CCS Offers Faster M.S. Degree for CS Students



A program within the College of Creative Studies is helping computer science majors earn their master’s as part of a five-year program and has so far enrolled two students.

Last May, the Academic Senate approved a five-year B.S./M.S. in computer science within the College of Creative Studies, allowing students within the college to get a master’s in one year instead of two, directly after graduation.

The new program was created to parallel an already existing one in the College of Engineering while avoiding bureaucratic restrictions preventing CCS students from enrolling, computer science professor Peter Cappello said.

The master’s program in computer science has previously been offered through the College of Engineering, but computer science majors within CCS had difficulty transferring from a different college. Computer science undergraduate courses within CCS are also structured differently from the ones offered through the College of Engineering.

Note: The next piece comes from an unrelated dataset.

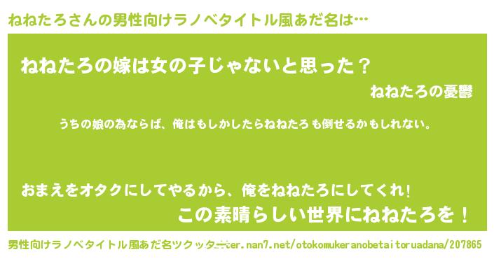 | 女子向けラノベタイトル風あだ名 | 『ねねたろ伯爵の花嫁』『ねねたろ恋絵巻』 |
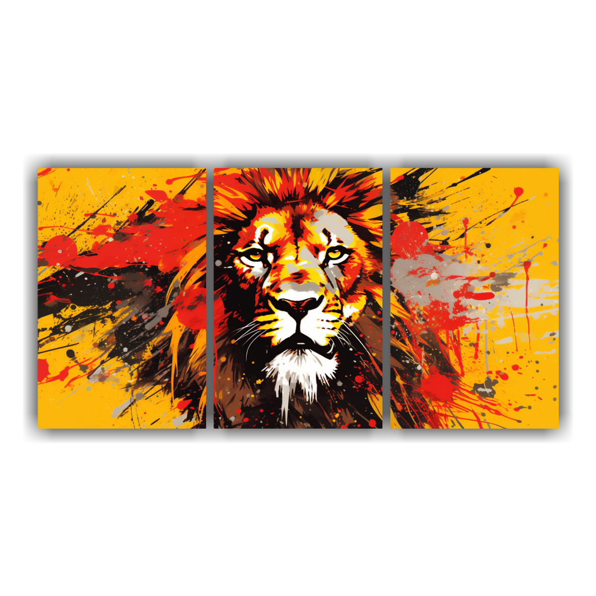 Este cuadro de tela con un león en amarillo y rojo es ideal para decorar salas de estar o espacios de trabajo modernos Combínalo con muebles en tonos neutros como blanco o gris, y añade cojines o accesorios decorativos en amarillo o dorado para lograr un ambiente armonioso y elegante

“It’s entirely getting around red tape. We wanted those students in, we couldn’t get them in, so we created a department that enabled them to get in,” he said. “As a member of the faculty, I think the main advantage for UCSB is to have bright students stay here longer. It’s good for the computer science department as well because then we have more talented people helping us do research.”

CCS students can now get their computer science master’s in one year instead of a previous two-year program by taking graduate courses in the senior year and taking more classes once in the program, Cappello said.

“Creative Studies students will typically be taking graduate courses their senior year. I’ve known students who’ve taken graduate courses their first year. They often take huge amounts of units they don’t really need to graduate,” he said. “It just makes sense to apply those units to a degree.”

College of Creative Studies Provost William Ashby said that the CCS program differs from the CE one mostly during the undergraduate years.

“The master’s part isn’t different at all, but the B.S. is because it’s accelerated,” he said. “They’re getting the full knowledge of the field that one would expect of a major but with a lot of emphasis put on creativity and doing things in new ways.”

The master’s, which is offered through the College of Engineering, is also structured on courses taught in the CE not in CCS. Cappello said students could follow different options once admitted to the program.

“In a sense, the question is why would a person get involved in this program instead of, say, getting a master’s elsewhere, or finding a job or whatever,” he said. “The answer kind of has to do with efficient use of time and money.”

Derek Piasecki, a graduate student pursuing a master’s in computer science and currently the only student actively enrolled in the program, said he probably would not have chosen to come back to school without the flexibility offered.

“I’m a returning student. I left college and worked for a while,” he said. “The five-year program is nice because it allows you to do your master’s in just one year more. If I had to do it in two, I wouldn’t have.”

The CCS is considering other programs such as sociology, geology and a program combining art, literature and science, Ashby said. Though adding programs has been discussed, there has been no active planning.

Approximately 250 students are enrolled in CCS, which is about 1 percent of UCSB’s undergraduates.